Not really. The example has an Ogre in it. Last I checked, an Ogre is pretty sentient.



			
				 DMG page 42 said:
			
		

> Example: Shiera the 8th-level rogue wants to try the classic swashbuckling move of swinging on a chandelier and kicking an ogre in the chest on her
> way down to the ground, hoping to push the ogre into the brazier of burning coals behind it. An Acrobatics check seems reasonable.
> This sort of action is exactly the kind of thinking you want to encourage, so you pick an easy DC: The table says DC 15, but it’s a skill check, so make it DC 20. If she makes that check, she gets a hold on the chandelier and swings to the ogre.
> Then comes the kicking. She’s more interested in the push than in dealing any damage with the kick itself, so have her make a Strength attack against the ogre’s Fortitude. If she pulls it off, let her push the ogre 1 square and into the brazier, and find an appropriate damage number.

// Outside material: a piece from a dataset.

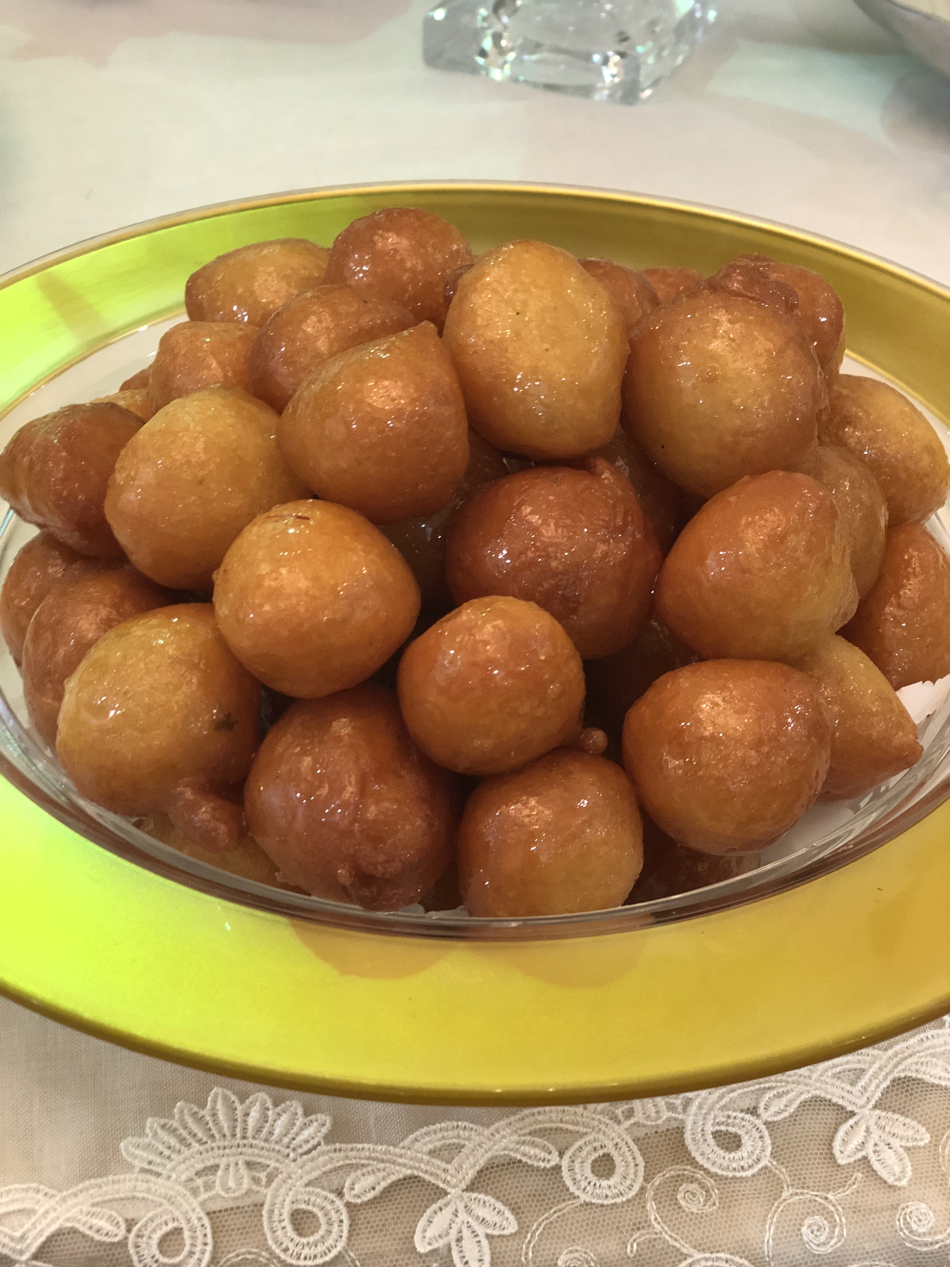 sweet dumpling cakes

> I would argue furthermore that the type of action you speak of should be covered by a check against a defense...or an opposing skill (as suggested by most of the skills descriptions in the PHB)... so I think there's a pretty big fallacy in your assumptions being the correct way to interpret how the rules should be used, and in fact still assert that they are confusing and sloppily written/explained.



You mean a skill check vs a defense?



> Side Note: Something I've noticed with 4e is that it's fans are often quick to interpret many of it's ambiguous and/or unclear rules and then act as if that is the only way they could possibly be understood or interpreted... when the answer is more likely the rules really weren't explained or written well.  And even further this is often held up as a strength of 4e.  Now I agree freedom to make rulings is a benefit, but not when the basis to make those rulings on is poorly written and/or explained.

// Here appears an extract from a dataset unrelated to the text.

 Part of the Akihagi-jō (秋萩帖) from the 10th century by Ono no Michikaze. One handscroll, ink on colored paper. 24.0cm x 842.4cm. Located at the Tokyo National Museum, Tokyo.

I think this is just human nature. If you like something, you will have a tendency to look at it more favorably and in a better light than something you do not like. Again, I never claimed 4e to be perfect. I merely find it (flaws and all) vastly better for me than any of the previous editions.



> EDIT:  Also in the Acrobatics example...stunts actually get harder as you go up in level, not easier.  So the somersault to the top of the pit trick starts out with a DC that's roughly the same as balancing on a ledge...yet as you get better and higher level it becomes harder to pull off, yet balancing on the ledge stays the same...This is where that disconnect takes place for me...NOT because I see the nuts and bolts, but because the nuts and bolts don't make sense.



I am sorry. Where in the PHB does it say that under Acrobatic Stunts? I can't seem to find the paragraph in question.

Cheers


----------



## Truename (Jan 3, 2009)

> I'm going to succumb to my snarkiness and point that while page 23 says: "Sometimes realism is a matter of very small details. If two wooden doors appear to be exactly the same, but one requires a DC 16 Strength check to break through and the other one requires a DC 20 check, the world feels arbitrary and inconsistent."
> 
> Page 42 tells the DM to do exactly the opposite.




Hmm.  I read it differently.  I think of page 42 as being about the level of the _challenge_, not the level of the _party_.  So your inn door might be level  3 (and thus have a DC of 5, 10, or 15 depending on its quality).  The door guarding Vecna's treasure room will probably be level 30, though.

It took me a while to wrap my head around this, because I'm used to only PCs having levels. But this idea that everything has levels is prevalent throughout 4e.  Diseases have levels, poisons have levels, monsters have levels, skill challenges have levels... and I quite like it, because it makes it easy for me to compare the PCs level to the difficulty of the challenge.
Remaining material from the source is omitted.